Elías Elexpe se encontraba esa tarde en su domicilio escuchando las noticias de las ocho de la tarde en Radio Nacional, cuando alguien llamó a la puerta. Nada más abrir, un pistolero de la banda le descerrajó dos tiros que le provocaron la muerte en el acto. La Policía recogió posteriormente dos casquillos de bala del calibre 9 milímetros parabellum, marca FN.

ETA militar reivindicó el 26 de noviembre el asesinato de Elías Elexpe, mediante un comunicado enviado a diversos medios de comunicación bilbaínos en el que acusaba al taxista asesinado de ser “colaborador de las fuerzas represivas y confidente” (Diario 16, 28/11/1978).
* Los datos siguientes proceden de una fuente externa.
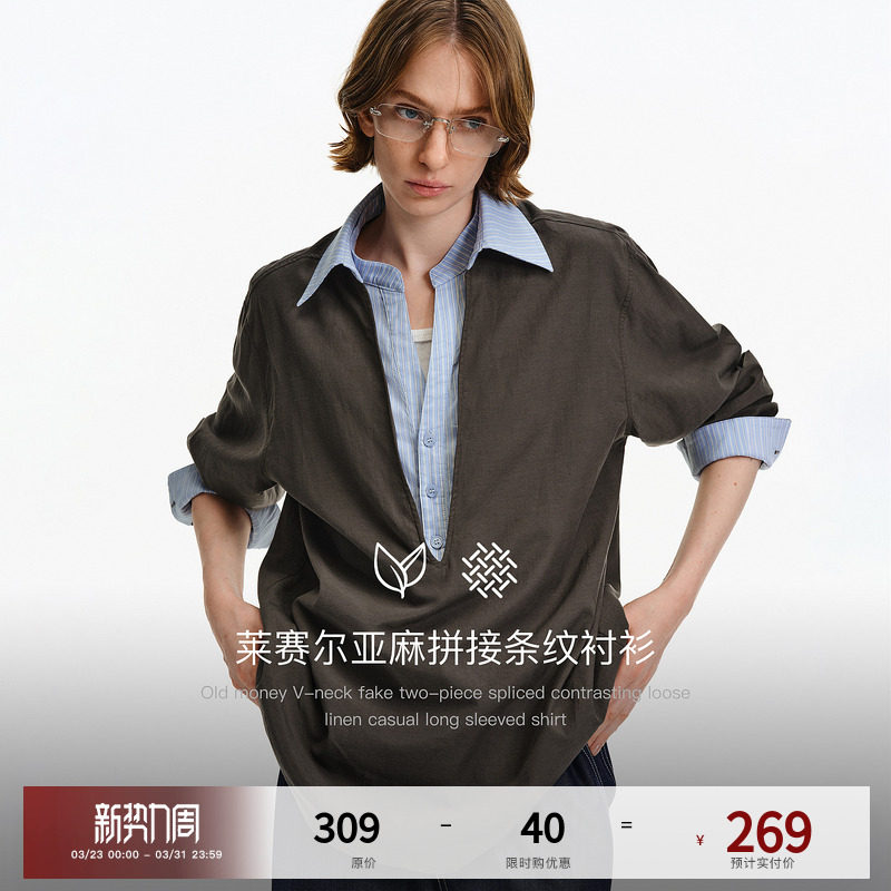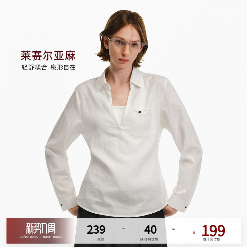 PCLP "Lyocell Linen" V-neck loose long-sleeved shirt spring casual lazy loose pullover shirt

En la misma nota, la banda terrorista se atribuía el atentado contra el Bar París de Sopelana (Vizcaya), ocurrido un día antes del asesinato del taxista, y otro llevado a cabo días antes en Villafranca de Ordicia contra el coche y el domicilio de la familia Apellániz, como advertencia a sus propósitos de trasladar la fábrica de su propiedad fuera del País Vasco.

Elías Elexpe Astondoa tenía 56 años. Estaba casado y tenía dos hijas, Pilar y Edurne. Natural de la localidad vizcaína de Aránzazu, en el valle de Arratia, era euskaldún, igual que toda su familia. Ésta comentó que Elías era de ideología de derechas, pero sin pertenecer a ningún partido concreto. Por este motivo había sido amenazado en varias ocasiones, por lo que no solía abrir la puerta de su domicilio sin identificar previamente al visitante. Por ello se barajó la hipótesis de que Elías conociese a su asesino. El funeral por su alma tuvo lugar el 26 de noviembre en la parroquia de los Padres Pasionistas del barrio de Euba (Amorebieta).